Rz. 1

Ein Urteil, das unbeabsichtigt einen Teil des Streitgegenstands unbeschieden lässt, ist fehlerhaft, es verstößt gegen § 123 (vgl. dazu Rz. 7 zu § 123). Ein derart fehlerhaftes Urteil kann grundsätzlich mit dem jeweils gegebenen Rechtsmittel (Berufung, Revision, Nichtzulassungsbeschwerde) angefochten werden. Bei einer bestimmten Art des Zustandekommens des Fehlers ist jedoch statt des Rechtsmittelverfahrens das Urteilsergänzungsverfahren nach § 140 vorgesehen, wenn ein nach dem Tatbestand von einem Beteiligten erhobener Anspruch bzw. die Kostenfolge bei der Entscheidung versehentlich nicht beschieden worden ist.
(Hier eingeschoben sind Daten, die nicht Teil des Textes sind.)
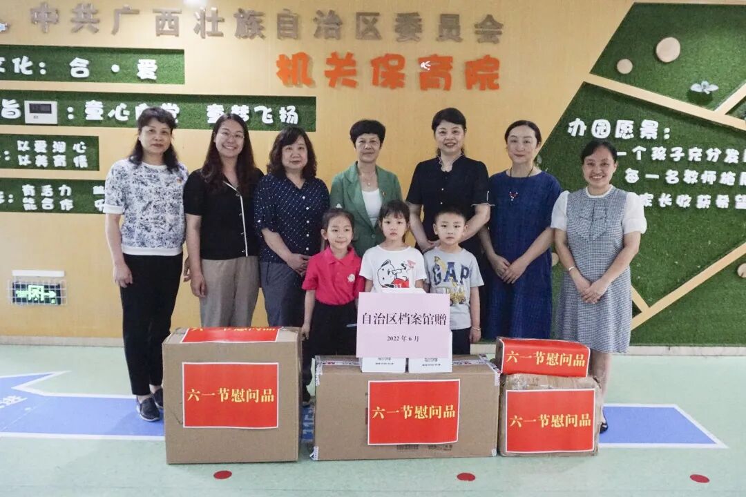 “六一”期间,自治区档案馆机关党委、工会、妇委会、团支部还组织了志愿者服务团队,到马山县白山镇定点帮扶村开展“粽情端午 一帮一联 与你童行”新时代文明实践暨关爱留守儿童志愿服务活动;到区党委保育院、区直机关第三幼儿园赠送书籍和学习用品,给孩子们送去节日的慰问和美好的祝福,祝愿所有的孩子能够健康快乐、茁壮成长。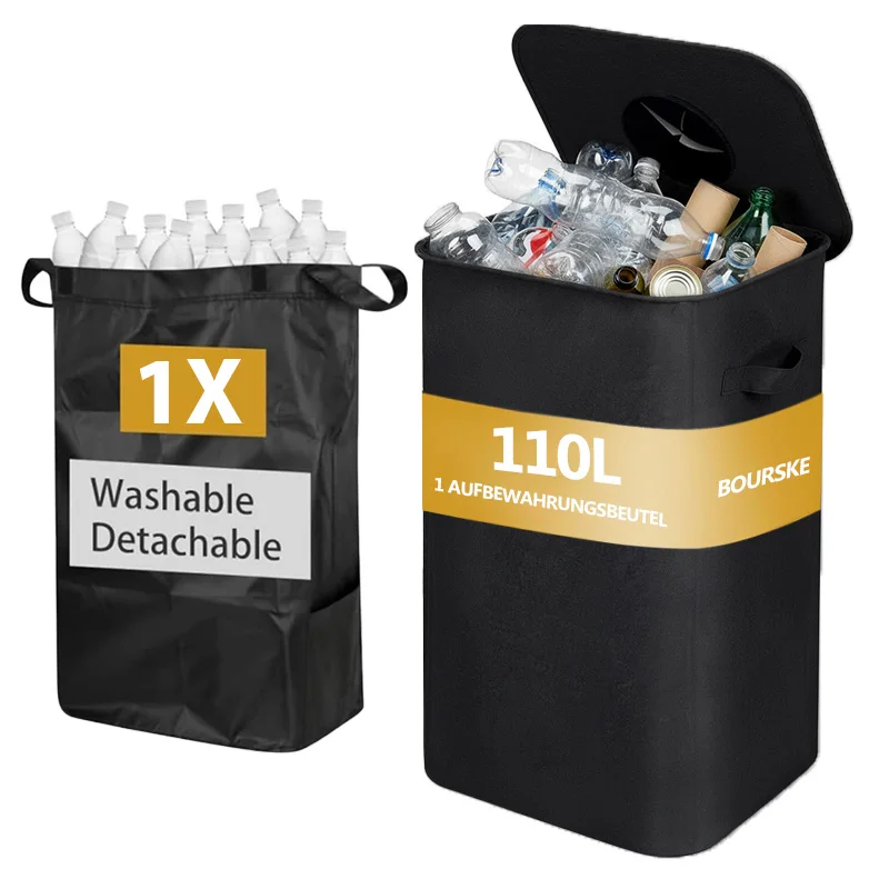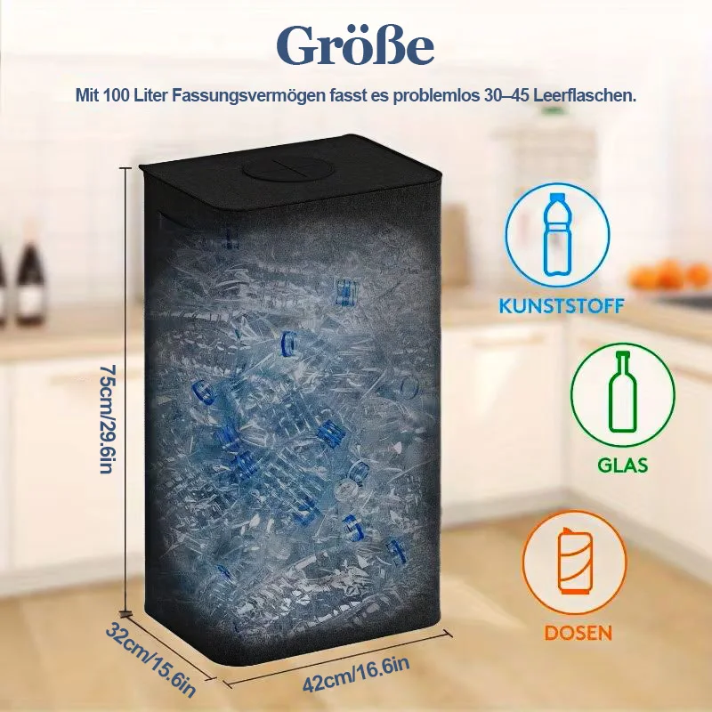 Der 110-Liter-Pfandflaschenbehälter ist eine praktische Lösung zum Sammeln und Transportieren leerer Flaschen und Altglas. Das große Fassungsvermögen eignet sich ideal für Haushalt, Küche oder Vorratsraum. Die waschbaren Taschen erleichtern die Reinigung und sorgen für hygienische Nutzung. Der Behälter hilft, Leergut ordentlich zu sortieren und platzsparend aufzubewahren. Nicht über die empfohlene Belastung hinaus befüllen. Pflegehinweis: Taschen bei Bedarf reinigen und vollständig trocknen lassen.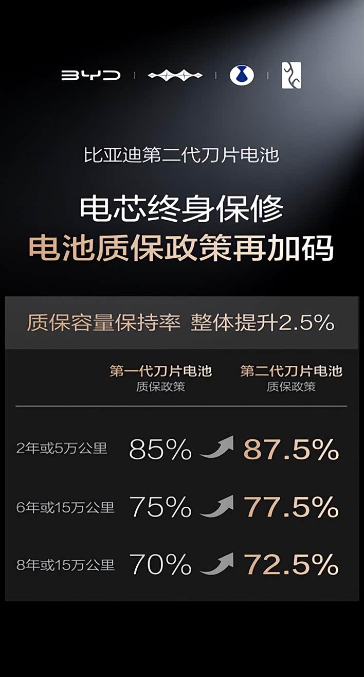 依托于技术带来的产品底气,比亚迪第二代刀片电池将质保政策全面加码,为用户送上安心保障。相较于第一代刀片电池,第二代产品将质保的「容量保持率」整体提升2.5%,在6年或15万公里质保期内,电池容量低于77.5%即可享受免费包换服务;同时,电芯更是提供「终身保修」权益,以行业领先的质保标准,打消用户的用车顾虑。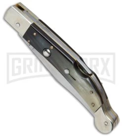 This beautiful 9″ AGA Campolin Sahara Stiletto features a stainless steel clip point blade with polished nickel silver bolsters. The rustic dark horn scales are offset with brass pins over brass liners. The nickel silver round push button and sliding safety give this stiletto even more class. This knife shows the highest quality workmanship and will make an elegant addition to your Italian collection.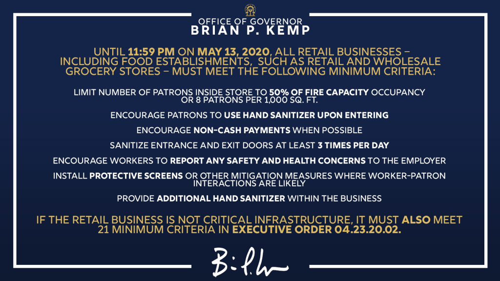 Governor Kemp's executive order for opening of retail businesses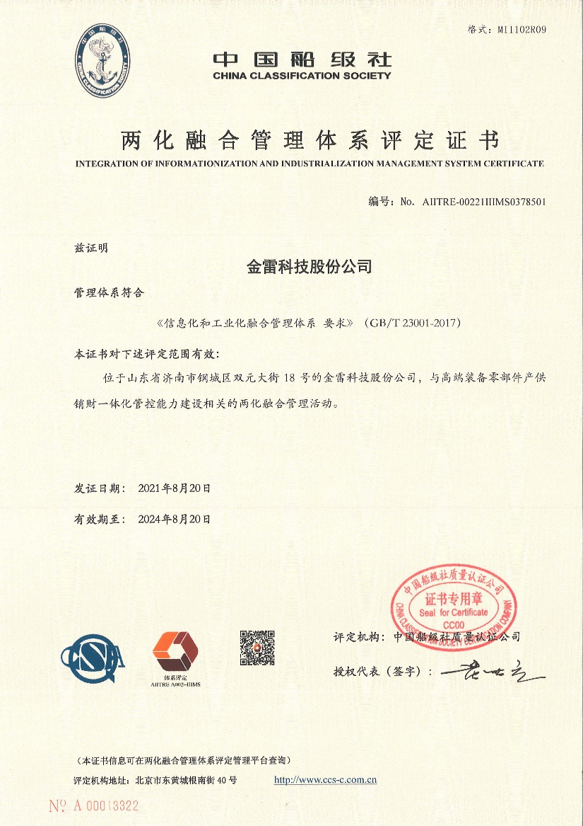 8月20日,多宝官方网站通过工信部最终审核,荣获中国船级社颁发的“两化融合管理体系评定证书”。这标志着公司信息化建设迈上了一个新的台阶,在推进信息化和工业化融合方面取得了突破性的成果,并获得了国家专业机构的认可。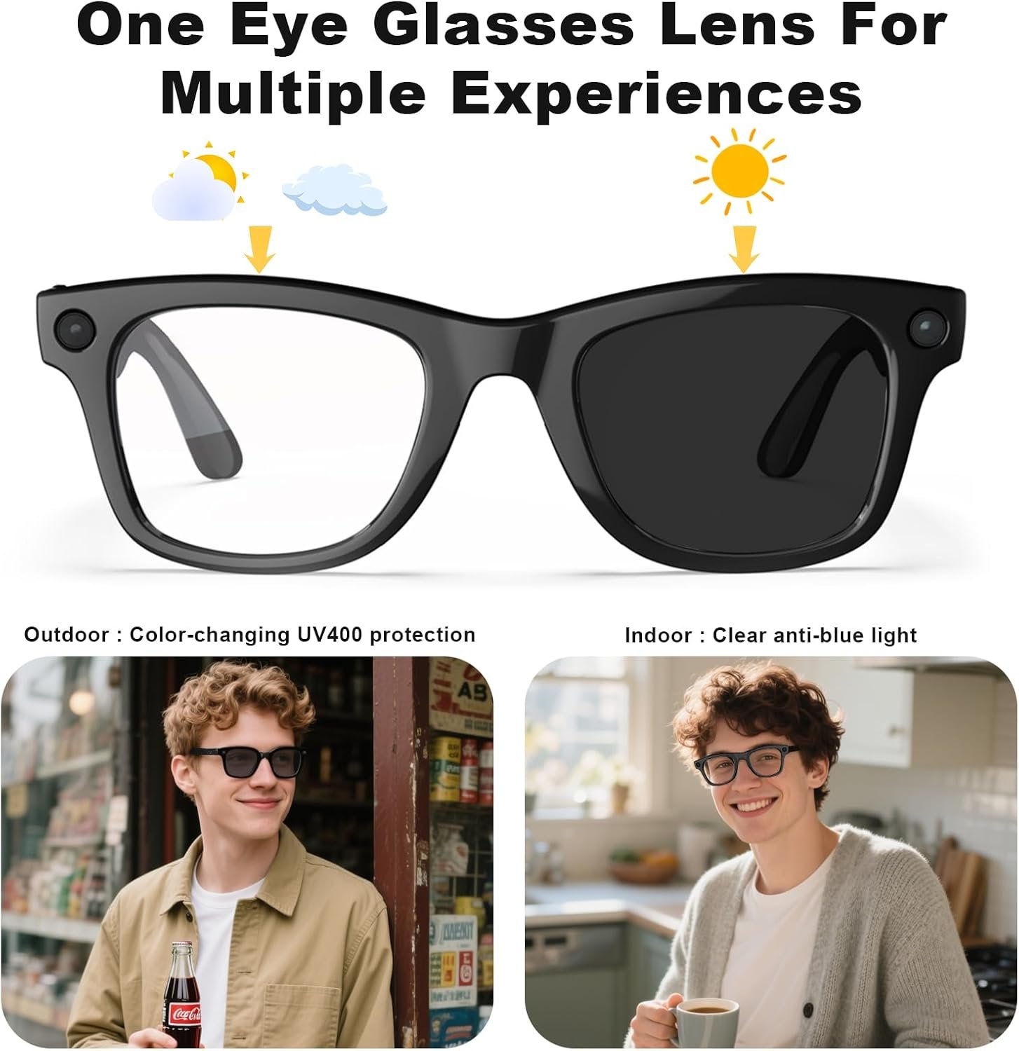 Smart Tint Transition: Seamlessly shifts from clear indoors to dark sunglasses outdoors—ideal for driving, travel, or beach days.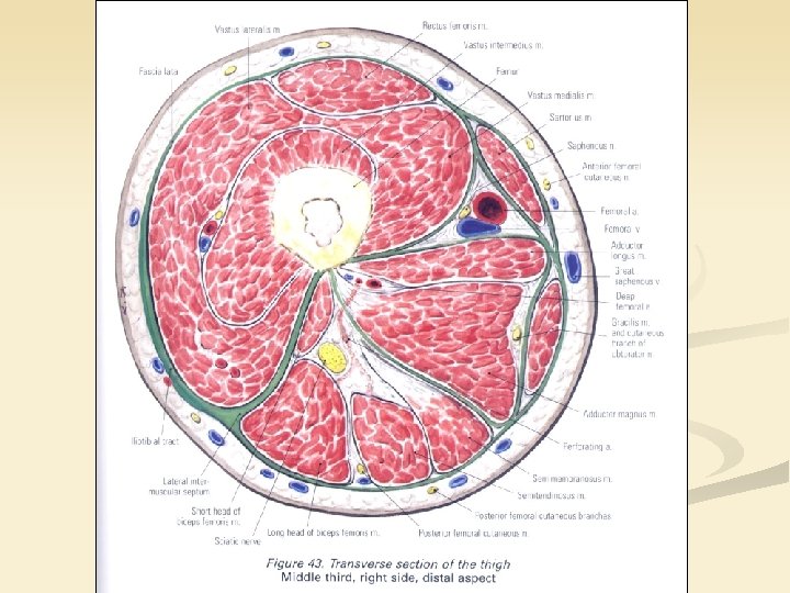 Anterior femoral region Cutaneous innervation is provided by the lateral and anterior femoral cutaneous nerves, medially the cutaneous branch of obturator nerve should be mentioned. All these are found superficial to the fascia lata. The main contents of the region are the extensors of the tigh. Femoral artery and vein together with the saphenous nerve arising from the femoral nerve as its longest sensory branch enter the adductor canal at the inferior corner of the femoral triangle enclosed by the inguinal ligament, the Sartorius and the Adductor longus muscles. Adductor canal is bounded by the vastoadductorial membrane, Vastus medialis and Adductor longus and magnus muscles.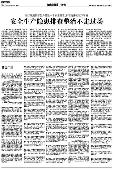 广东建设报讯 记者唐培峰、通讯员李佳报道:为认真贯彻落实上级安全生产工作会议精神,筑牢城市管理领域安全生产工作防线,打好安全生产工作主动仗持久仗,连日来,湛江市
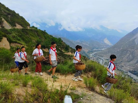 文县东坝童声合唱团的孩子们在文县山上采摘花椒。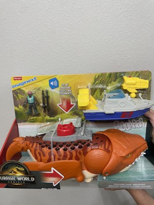 - Inspired by Jurassic World Rebirth, the Imaginext Aquachomp Mosasaurus playset by Fisher-Price is ready to chomp, chase and roar its way into fans' homes!
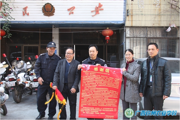 公安干警无私奉献、惩治犯罪、保一方平安的精神,值得我们永远学习,值得我们敬佩。为了进一步增进警民情感,加强警民共建活动,携手保护校园平安,为共同营造“平安钦州”作出更大贡献。怀着对公安干警的崇高敬意和感恩之心,2014年12月12日下午,学校领导覃一静副校长带领保卫部门同志分别到钦州市公安局沙埠派出所和钦州市公安局巡警支队钦南巡逻大队对公安干警进行慰问,对他们为我校创建平安校园作出的努力和贡献表示衷心的感谢,并向他们赠送精美的感谢信和锦旗,同时,希望他们一如既往地帮助和指导我校的安全保卫工作,为学校更好更快地发展保驾护航。
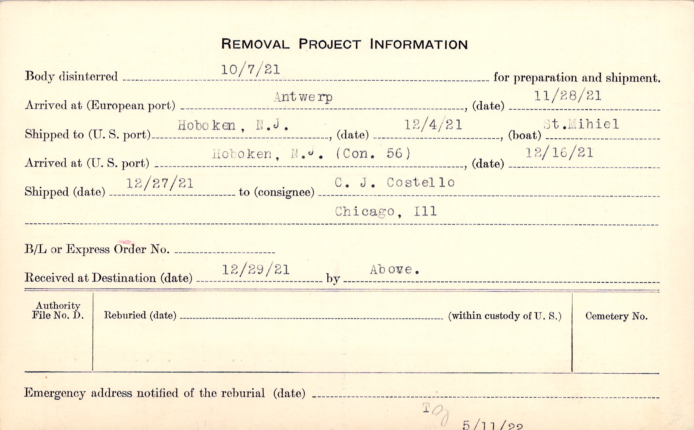 Body disinterred 10/7/1921 for preparation and shipment.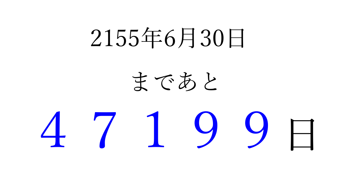 2155年6月30日(月)まで あと 99999 日です 追加すると、トップページからすぐ選べるようになります ※2026/04/08現在の結果です。 最新の状態に更新する ↓シェアして、タイムライン上にカウントダウンを表示しよう!↓ 📤 この結果を共有する Tweet シェア Threads Bluesky 別の日付でカウントダウン 2155年6月のカレンダー このページをブックマークに追加すると、いつでもカウントダウンを確認できます。 (PC: Ctrl+D / Mac: ⌘+D) hitome-notes.comでは以下のページも運営しています。 指定日と期間から日付を計算 | ガチャ確率計算・シミュレーション | プライバシー・ポリシー 運営者:Avocado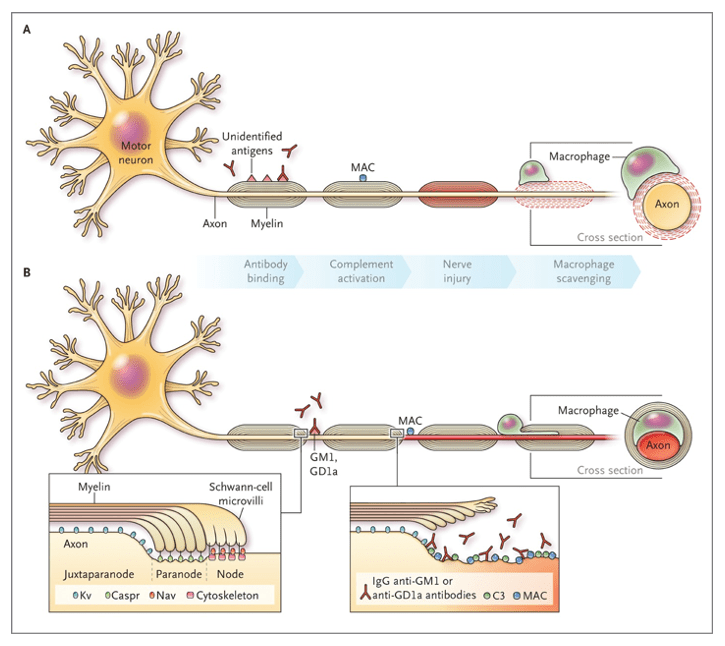 - Attack is directed at the nodes of Ranvier of the ventral roots of the peripheral nerves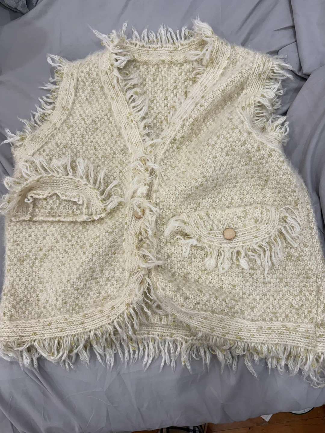 25Cozy up with this unique fringe knit vest! It's a cream colour and features a stylish, textured knit design with fun fringe detailing around the edges and pockets. Perfect for layering and adding a bit of flair to any outfit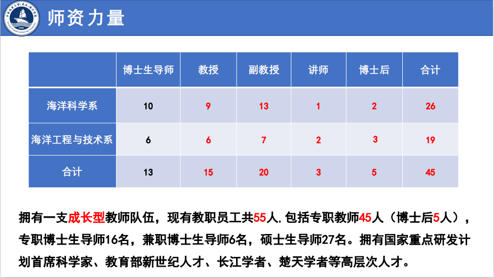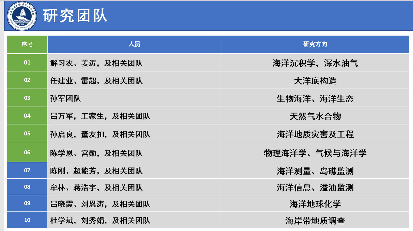 91黑料网 始源于20世纪50年代学校组建的海洋地球物理勘探教研室,成立于2016年,现有海洋科学湖北省重点学科1个,海洋科学博士后科研流动站1个,海洋科学一级学科博士学位授予权1个,海洋科学一级学科硕士学位授予权1个,地质工程专业学位授予权1个,拥有“本科-硕士-博士”完整人才培养体系。学院现有教职工55人,其中教授15人、副教授22人、讲师3人,拥有国家重点研发计划首席科学家等高层次人才。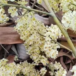 伞形花序单生,少簇生;总梗通常较粗短,长2-5毫米,密被褐色绒毛;每一花序有花4-5朵;花梗被丝状长柔毛;花被裂片6,卵形,外面中肋有丝状长柔毛,雄花中能育雄蕊9-12,花丝有长柔毛;腺体圆形,无柄,退化雌蕊细小,无毛;雌花序较雄花序略小,子房卵圆形,无毛,花柱粗壮,柱头盘状;退化雄蕊细小,基部有柔毛。果长圆形,长11-13毫米,直径7-8毫米,成熟时黑紫色;果托杯状,深约2毫米,直径约5毫米;果梗长2-3毫米。花期5-11月,果期2-6月。
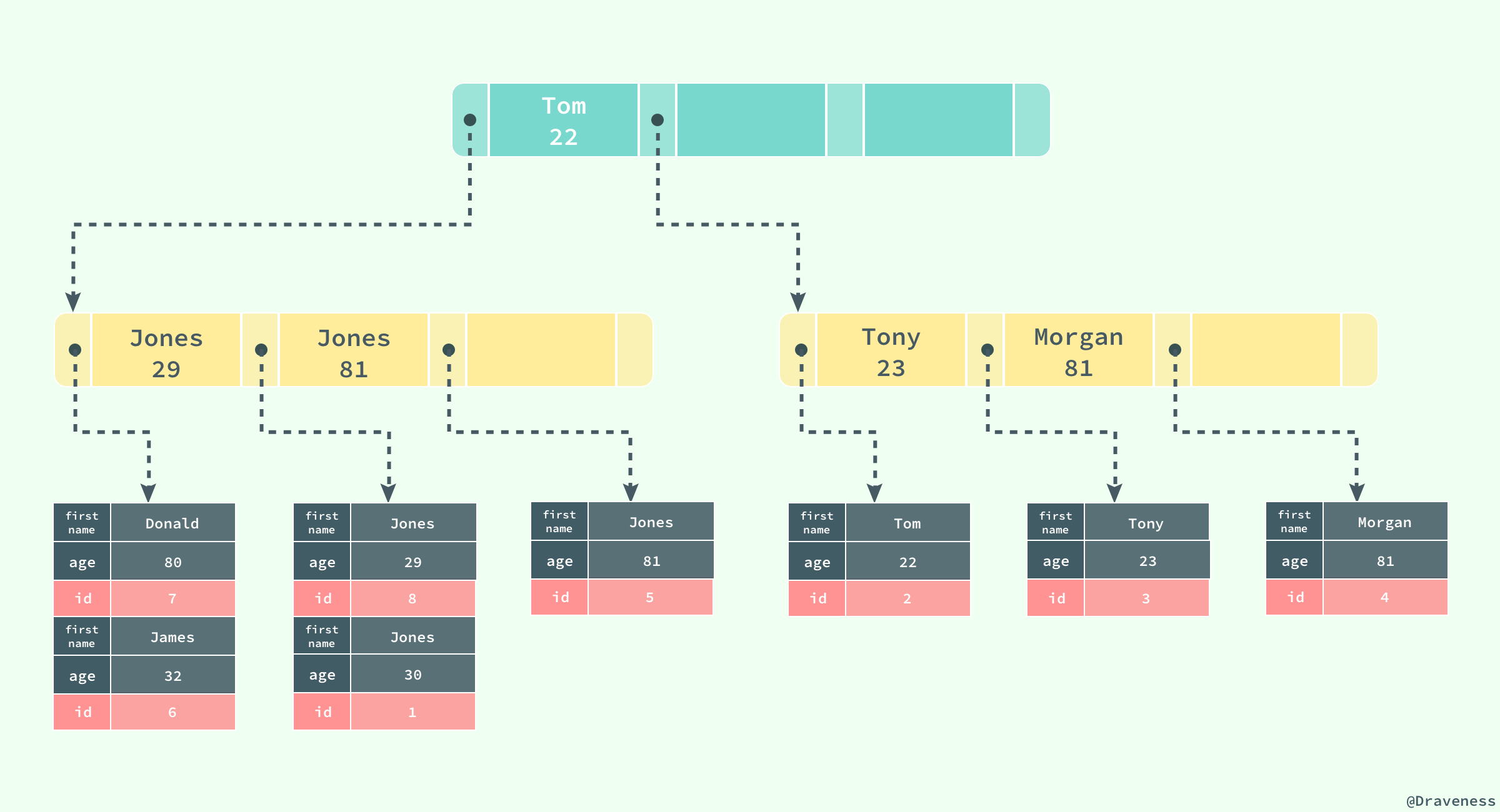 如果在表 users 中存在一个辅助索引 (first_name, age),那么它构成的 B+ 树大致就是上图这样,按照 (first_name, age) 的字母顺序对表中的数据进行排序,当查找到主键时,再通过聚集索引获取到整条行记录。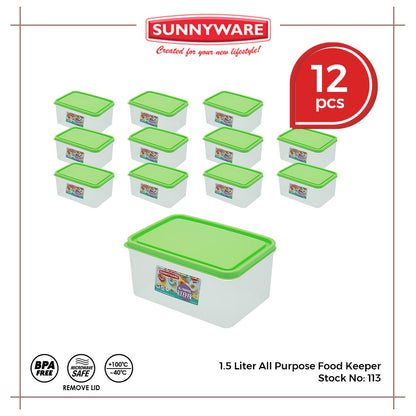 12pcs 1.5 liter All Purpose Food Keeper [Sunnyware 113] | Plasticware | Food Storage | BPA Free

So ist nach der Rechtsprechung des BSG eine Nichtzulassungsbeschwerde nicht gegeben, soweit ein Antrag auf Urteilsergänzung statthaft ist (vgl. BSG, Beschluss v. 18.8.1999, B 4 RA 25/99, SozR 3-1500 § 96 Nr. 9; BSG, Beschluss v. 16.7.2004, B 2 U 41/04 B; siehe dazu aber auch unten bei Rn. 4 und 6). Denn die Nichtzulassungsbeschwerde nach § 160a sei keine Untätigkeitsbeschwerde gegen den Nichterlass eines Urteils durch das Berufungsgericht. Da die Revision und die sie ggf. erst eröffnende Nichtzulassungsbeschwerde keine originären Rechtsbehelfe, sondern Rechtsmittel seien, müsse sich die Entscheidung des BSG als Revisionsgericht auf den Streitgegenstand beschränken, der auch Gegenstand des angefochtenen Urteils war. Daher stehe die Nichtzulassungsbeschwerde in den Fällen nicht offen, in denen eine Urteilsergänzung nach § 140 Abs. 1 beansprucht werden kann (vgl. BSG, SozR 3-1500 § 96 Nr. 9). § 140 ergänzt die §§ 138, 139. Während diese Vorschriften die Berichtigung eines bereits erlassenen Urteils betreffen, geht es bei § 140 darum, eine Entscheidungslücke zu schließen (vgl. BGH, NJW 1980 S. 840, 841). Aber auch § 140 tangiert insofern den Grundsatz der Selbstbindung des Gerichts (§ 318 ZPO), als er dem Gericht ermöglicht, sich erneut mit einem von ihm als beendet betrachteten Streitfall zu befassen (vgl. Clausing, in: Schoch/Schmidt-Aßmann/Pietzner, § 120 Rn. 1). Die Regelungen des § 140 weichen von denen der entsprechenden Vorschriften der ZPO (§ 321) und der VwGO (§ 120) teilweise (insbesondere hinsichtlich der Fristen) ab.